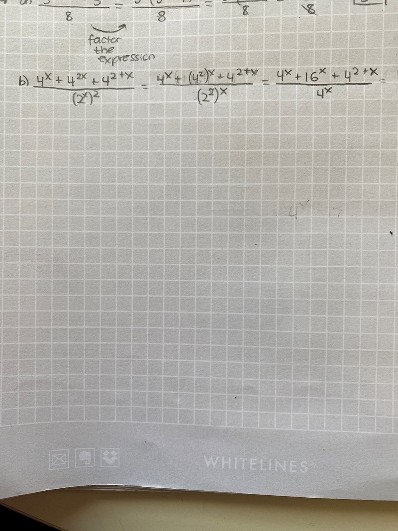 Det går väl bara att förkorta bort 4^x om man faktoriserar? Hur kan man faktorisera 4^2x
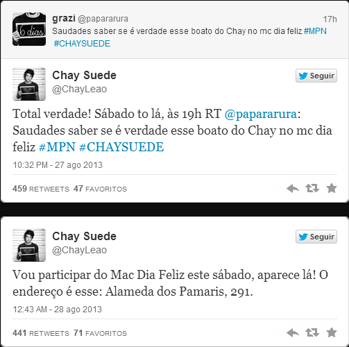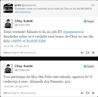 No próximo sábado (31/08), Chay Suede participará do 25º Ano do McDia Feliz, em São Paulo. O Evento realizado pela rede de fast food, tem como objetivo ajudar adolescentes e crianças com câncer.
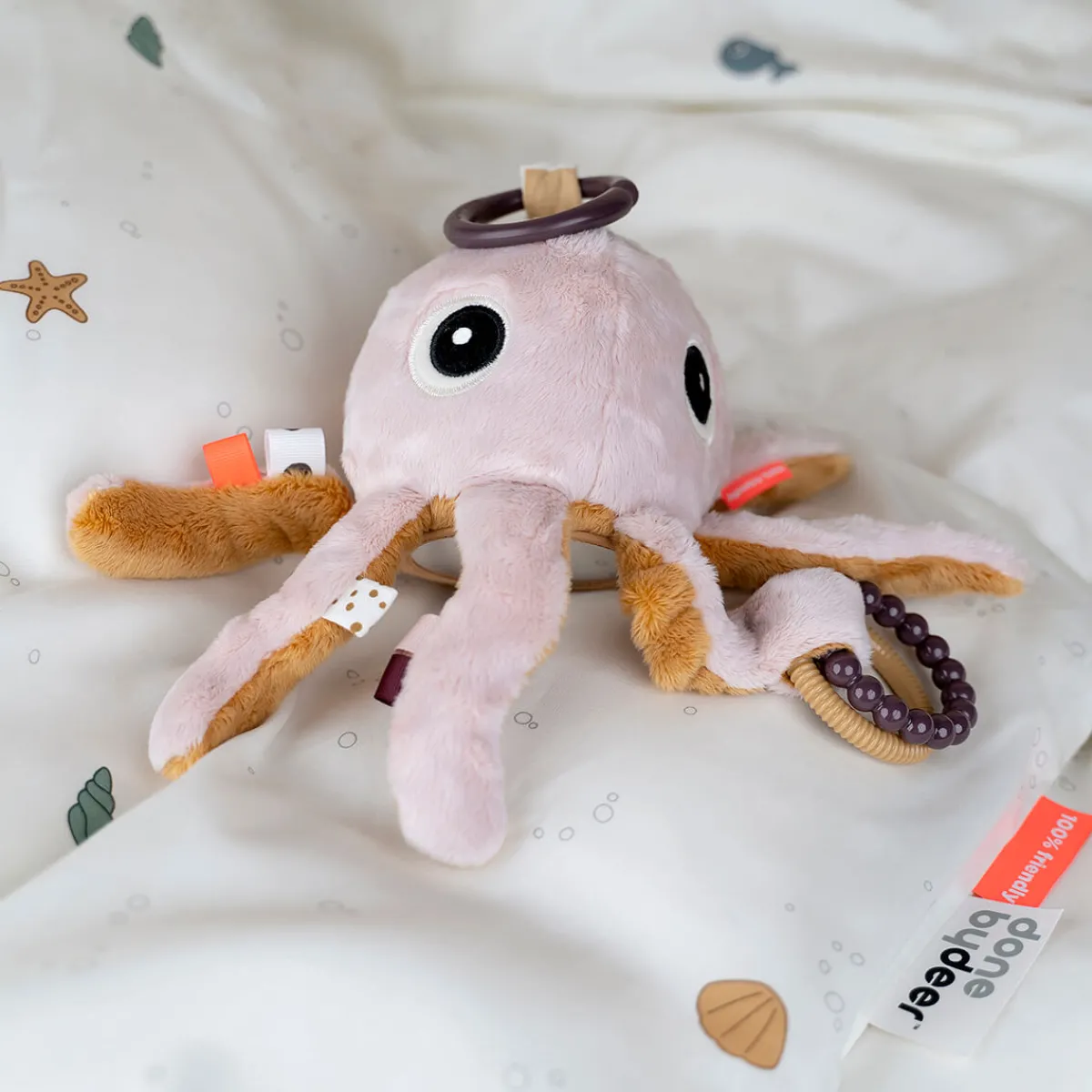 Med toylink kan du fastgøre de søde gopler til f.eks. barnevogn, klapvogn, autostol eller kravlegård – altid inden for rækkevidde for dit barn. Activity Jelly er i en blød pudderfarve med kontrastfarvet sennep på indersiden af armene.
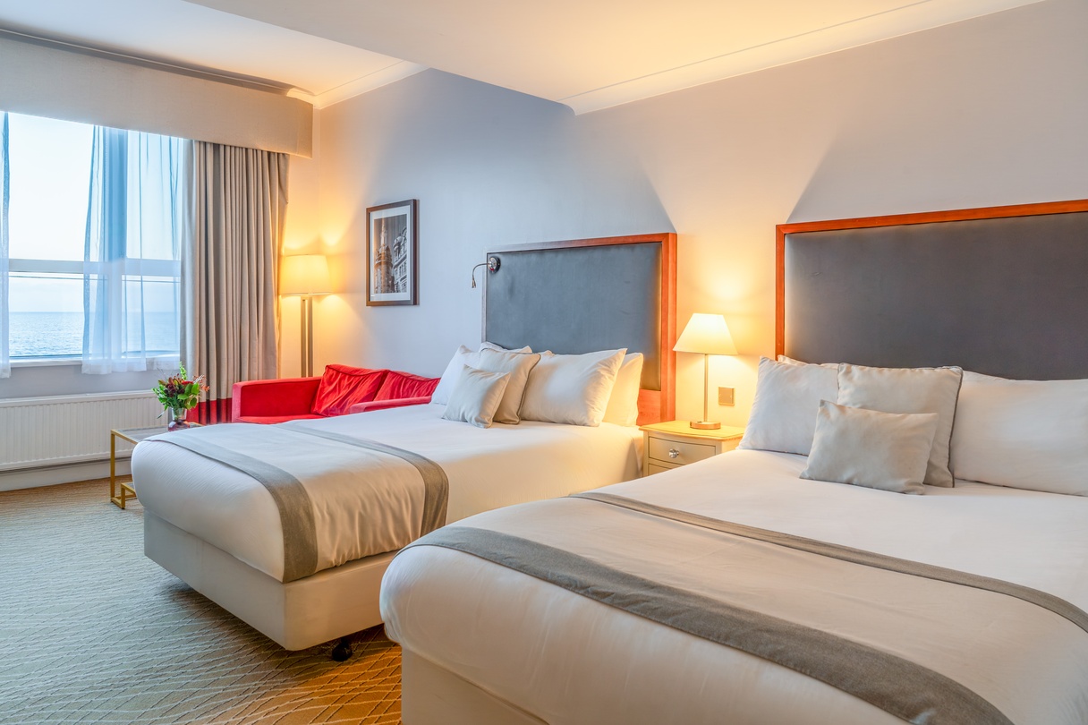 A comfortable Standard Room with stunning sea views, offering everything you need for a restful and enjoyable stay. Filled with natural light and stylish décor, it provides the convenience of complimentary Wi-Fi, a private en-suite bathroom, and in-room essentials including a television and other modern features. The room also presents a cosy carpeted layout and thoughtful details designed to make you feel at home.
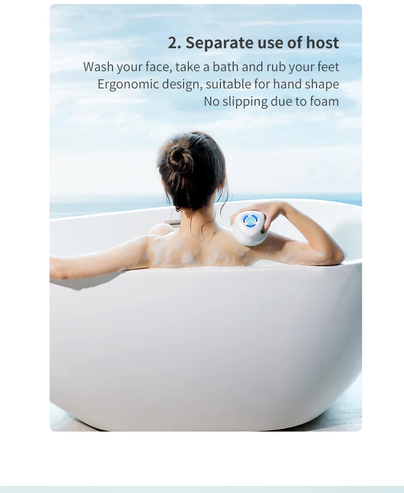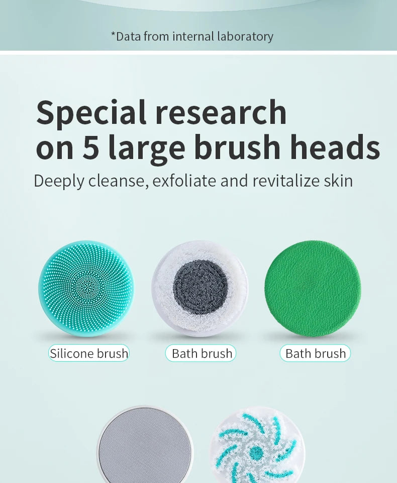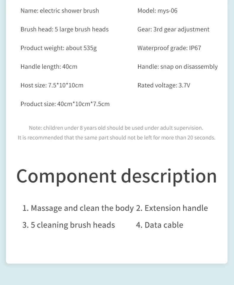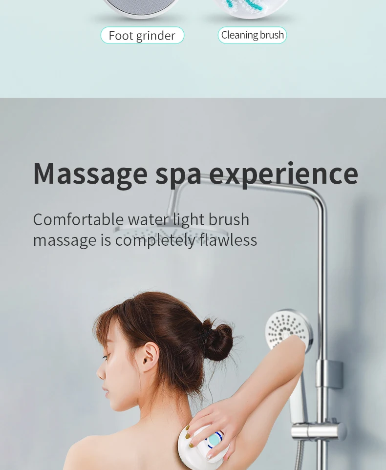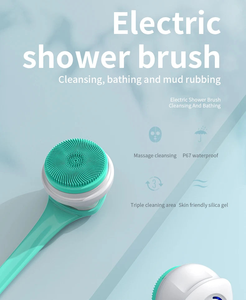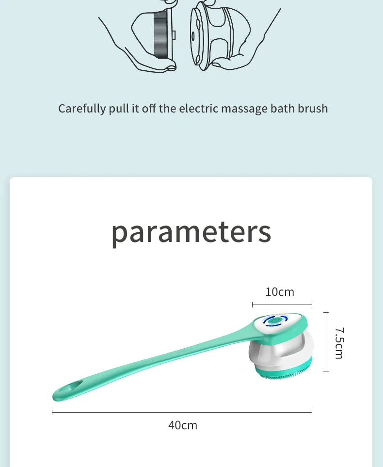 Multifunction Detachable Electric Bath Brush 5in1 Facial Cleansing Skin Grinding Back Rubbing Long Handle Massage Shower Brush
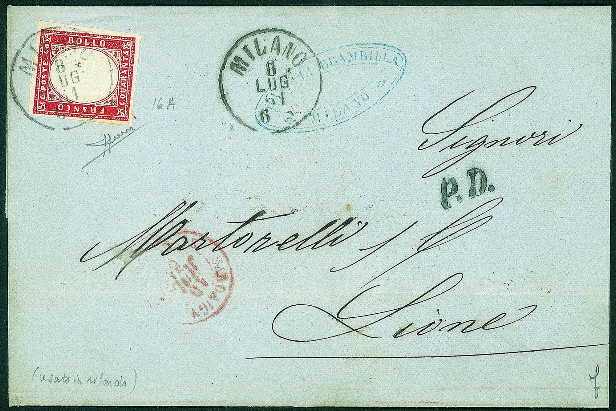 Antichi Stati Italiani - Sardegna - Fresco 40 cent rosso scarlatto (16A)Su lettera da Milano a Lione del 8.7.61 - uso tardivo - Sorani
--------
> **Your assignment**
The answer must be the lines of the entries above, written out exactly from the first through the one with "No próximo sábado", and no pictures.

> **Reply to the exercise**
 Det går väl bara att förkorta bort 4^x om man faktoriserar? Hur kan man faktorisera 4^2x
 No próximo sábado (31/08), Chay Suede participará do 25º Ano do McDia Feliz, em São Paulo. O Evento realizado pela rede de fast food, tem como objetivo ajudar adolescentes e crianças com câncer.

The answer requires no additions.